Assigned task → Only the pictures should be left out; write out all other data exactly.
--- Given information Enclosed Below ---
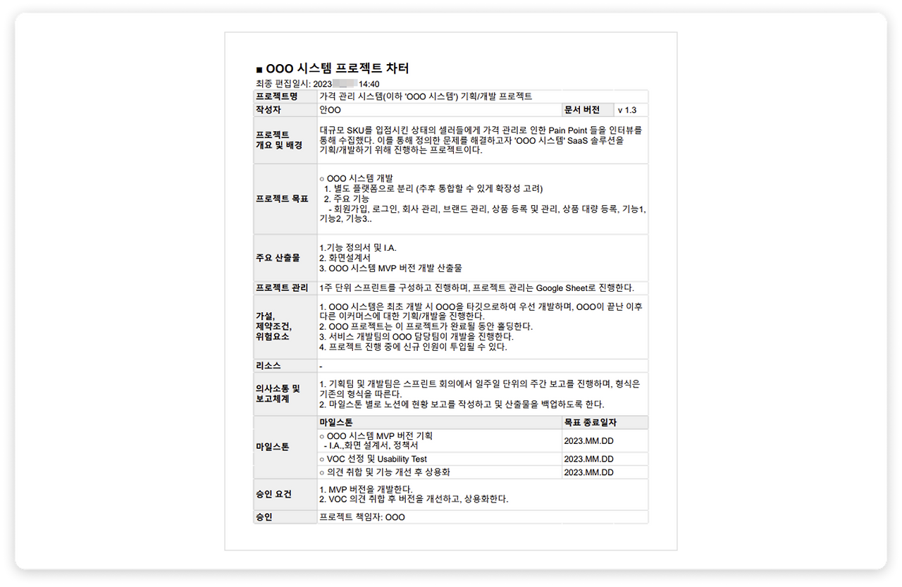 예전에 작성한 프로젝트 차터 샘플 ⓒ 327roy
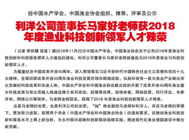 利洋公司董事長馬家好老師獲2018年度漁業(yè)科技創(chuàng)新領(lǐng)軍人才殊榮
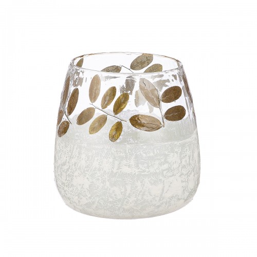 Κηροπήγιο ArteLibre Με Διακόσμηση Φύλλα Πράσινο-Λευκό Γυαλί Φ15x16cm
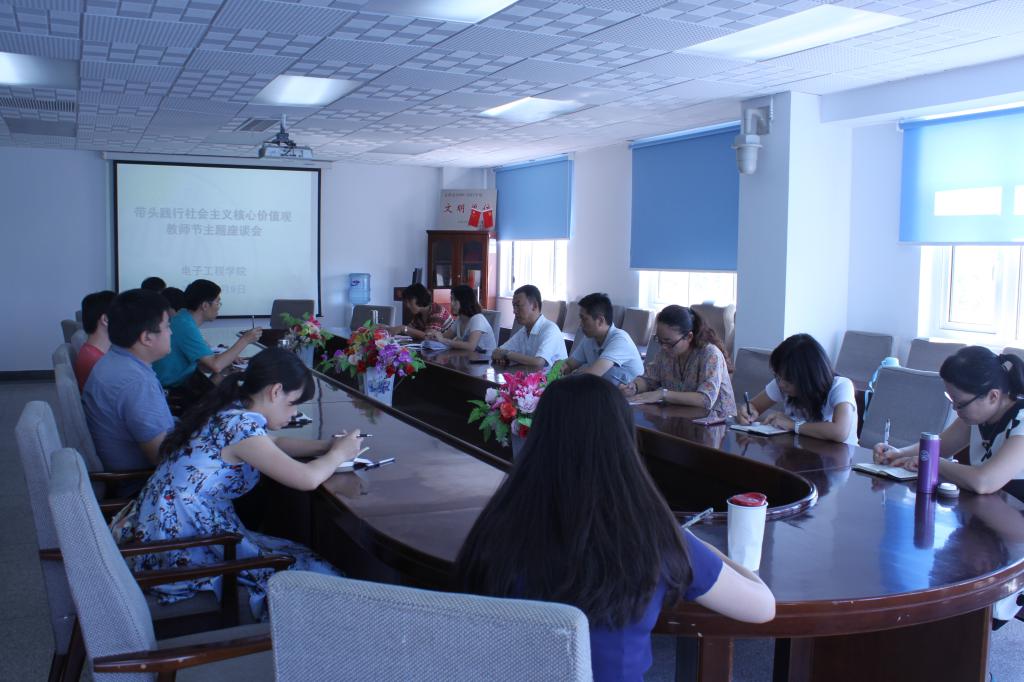 在机电楼326会议室召开“带头践行社会主义核心价值观” 教师节主题座谈会。学院领导班子成员、学科带头人及中青年教师代表参加了座谈。座谈会由党总支书记李春华主持。
--- End of Enclosed Given information ---
Exercise solution →
 예전에 작성한 프로젝트 차터 샘플 ⓒ 327roy
 利洋公司董事長馬家好老師獲2018年度漁業(yè)科技創(chuàng)新領(lǐng)軍人才殊榮
 Κηροπήγιο ArteLibre Με Διακόσμηση Φύλλα Πράσινο-Λευκό Γυαλί Φ15x16cm
 在机电楼326会议室召开“带头践行社会主义核心价值观” 教师节主题座谈会。学院领导班子成员、学科带头人及中青年教师代表参加了座谈。座谈会由党总支书记李春华主持。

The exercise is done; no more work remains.